Social media companies cut hundreds of content moderation jobs over the continuing wave of tech layoffsstoking fears among industry workers and online safety advocates that major platforms are less able to tackle abuse than they were just months ago.
Tech companies have announced more than 101,000 job cuts this year alone, in addition to the nearly 160,000 during 2022, according to tracker Layoffs.fyi. Among the wide range of job functions affected by these cuts are the “trust and safety” teams – the units within the main platform operators and the contractor companies they hire that enforce content policies and fight against speech. hate and misinformation.
Earlier this month, Alphabet reportedly downsize Jigsawa Google unit that creates content moderation tools and describes himself as tracking “threats to public societies,” such as civilian oversight, from at least a third over the past few weeks. Meta’s main contractor for content moderation in Africa said in January that it was removal of 200 employees as he moved away from content review services. In November, the mass layoffs of Twitter affected many staff responsible for limiting prohibited content such as hate speech and targeted harassment, and the company dissolved its Trust and Security Council the next month.
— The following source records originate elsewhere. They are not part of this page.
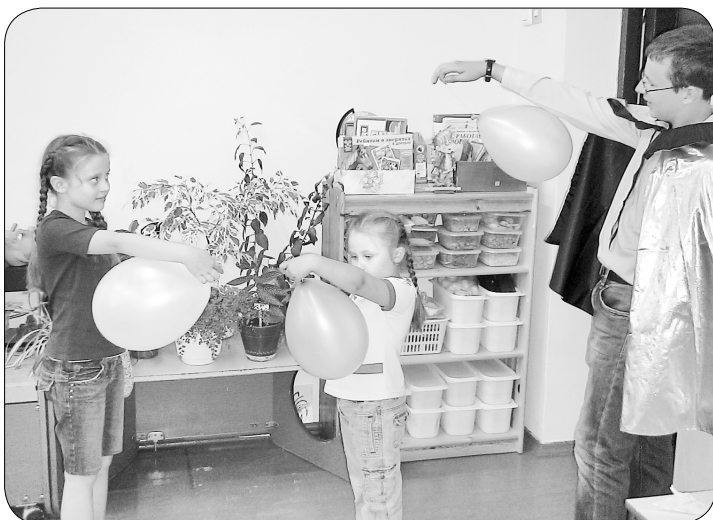
Фокусник раскрывает секреты

ния могут варьироваться в зависимости от запросов родителей: «Что такое эксперимент?», «Правила безопасности во время проведения опытов и экспериментов» и др.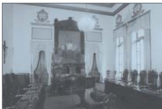
Salão da Corte Superior - Palácio da Justiça "Rodrigues Campos"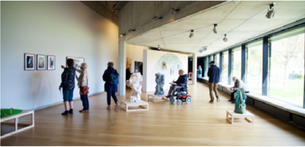
Frå opninga laurdag. Her ser me utstillingssalen.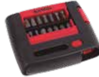
SET PUNTAS PH, TORX, SL, HEX (27 pcs.)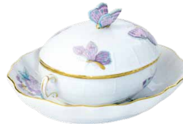
dzsmentartó 370-0-17 Email Victoria papillon (EVICTP2) és tálka 212-0-00 Email Victoria fleur (EVICTF2)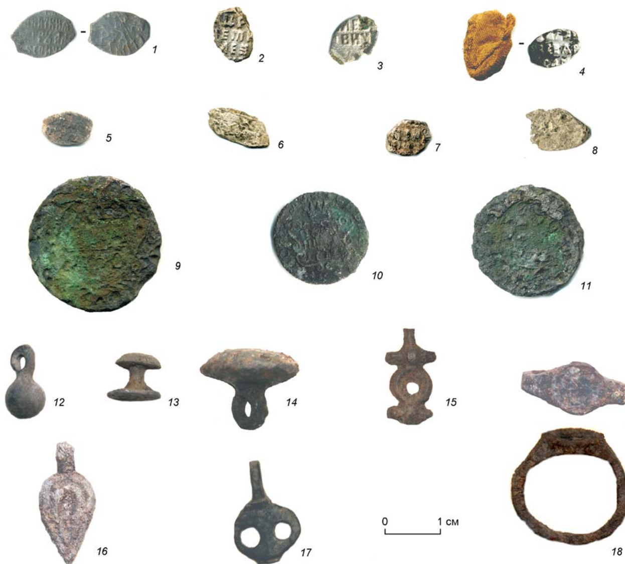
Рис. 1. Поселение Ананьино-I. Нумизматическая коллекция и детали костюмного комплекса из раскопа 2021 г.

1 – чешуйка, выпущенная в период правления Петра Алексеевича и его брата Ивана 1682–1696 гг.; 2, 3 – чешуйки начала XVIII в. – 1709 г.; 4–8 – неопределимые по дате монеты-чешуйки (4 – слева – чешуйка завернутая в ткань); 9–11 – монеты второй половины XVIII века (9 – деньга 1750 г.; 10 – полушка 177? г.; 11 – монета 17?? г.); 12–18 – детали костюма (12 – гирьковидная пуговица; 13 – заклепочная пуговица; 14 – мундирная пуговица с ушком для пришивания; 15 – фрагмент щитка сержки; 16, 17 – фигурные подвески; 18 – перстень). 1–8 – серебро, 9–11 – медь, 12–18 – металл.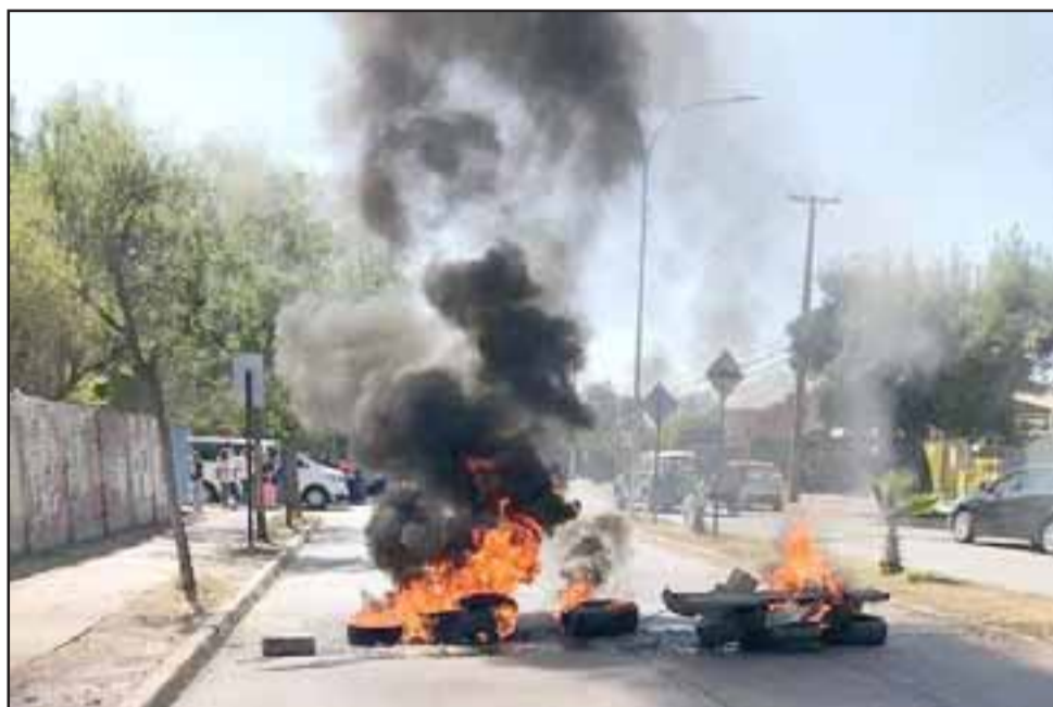
Barricadas durante la mañana de este martes en Avenida Miraflores, a pasos del Hospital San Camilo de San Felipe.

Pasada la medianoche se registró el corte del suministro eléctrico en gran par-

Postings on Indeed with “trust and safety” in their job titles were down 70% last month compared to January 2022 among employers across all industries, the job board told NBC News. While tech recruiting in particular has retreated across the board as the industry shrinks from its pandemic hiring frenzy, advocates said the global need for content moderation remains acute.
“Markets go up and down, but the need for trust and safety practices is constant or, where appropriate, increases over time,” said Charlotte Willner, executive director of the Trust & Safety Professional Association, a global organization for workers who develop and enforce digital platform policies regarding online behavior.
A Twitter employee who still works on the company’s trust and safety operations and asked not to be identified for fear of retaliation described feeling worried and overwhelmed since the department’s cuts last fall.
“We were already underrepresented globally. The United States had a lot more staff than outside the United States,” the employee said. “In places like India, which are really marked by complicated religious and ethnic divisions, this hateful and potentially violent conduct has really increased. Fewer people means less work being done in many different spaces.
Twitter accounts offering to trade or sell child sexual abuse material stayed on the platform for months after CEO Elon Musk promised in November to crack down on child exploitation, NBC News reported in January. “We certainly know we still have work to do in space, and we certainly think we’ve improved rapidly,” Twitter said at the time in response to the findings.
A representative for Alphabet had no comment. Twitter did not respond to requests for comment.
A Meta spokesperson said the company “respects[s] Sama’s decision to quit the content review services she provides to social media platforms. We are working with our partners during this transition to ensure there is no impact to our ability to review content. Meta has more than 40,000 people “working on safety and security,” including 15,000 content reviewers, the spokesperson said.
Worries about trust and security cuts coincide with Washington’s growing interest in tighter regulation of Big Tech on multiple fronts.
In his State of the Union Address On Tuesday, President Biden urged Congress to “pass bipartisan legislation to strengthen antitrust enforcement and prevent major online platforms from giving their own products an unfair advantage,” and to “impose tougher limits on personal data that companies collect about all of us”. Biden and lawmakers from both parties have also signaled their openness to reforming Section 230, a measure that has long shielded tech companies from liability for speech and activity on their platforms.
“Various governments are looking to force big tech companies and social media platforms [to become more] responsible for ‘harmful’ content,” said Alan Woodward, cybersecurity expert and professor at the University of Surrey in the UK.
In addition to exposing tech companies to greater regulatory risk, any setback in content moderation “should be of concern to everyone,” he said. “It’s not just about weeding out inappropriate child abuse material, but covers subtle areas of misinformation that we know are meant to influence our democracy.”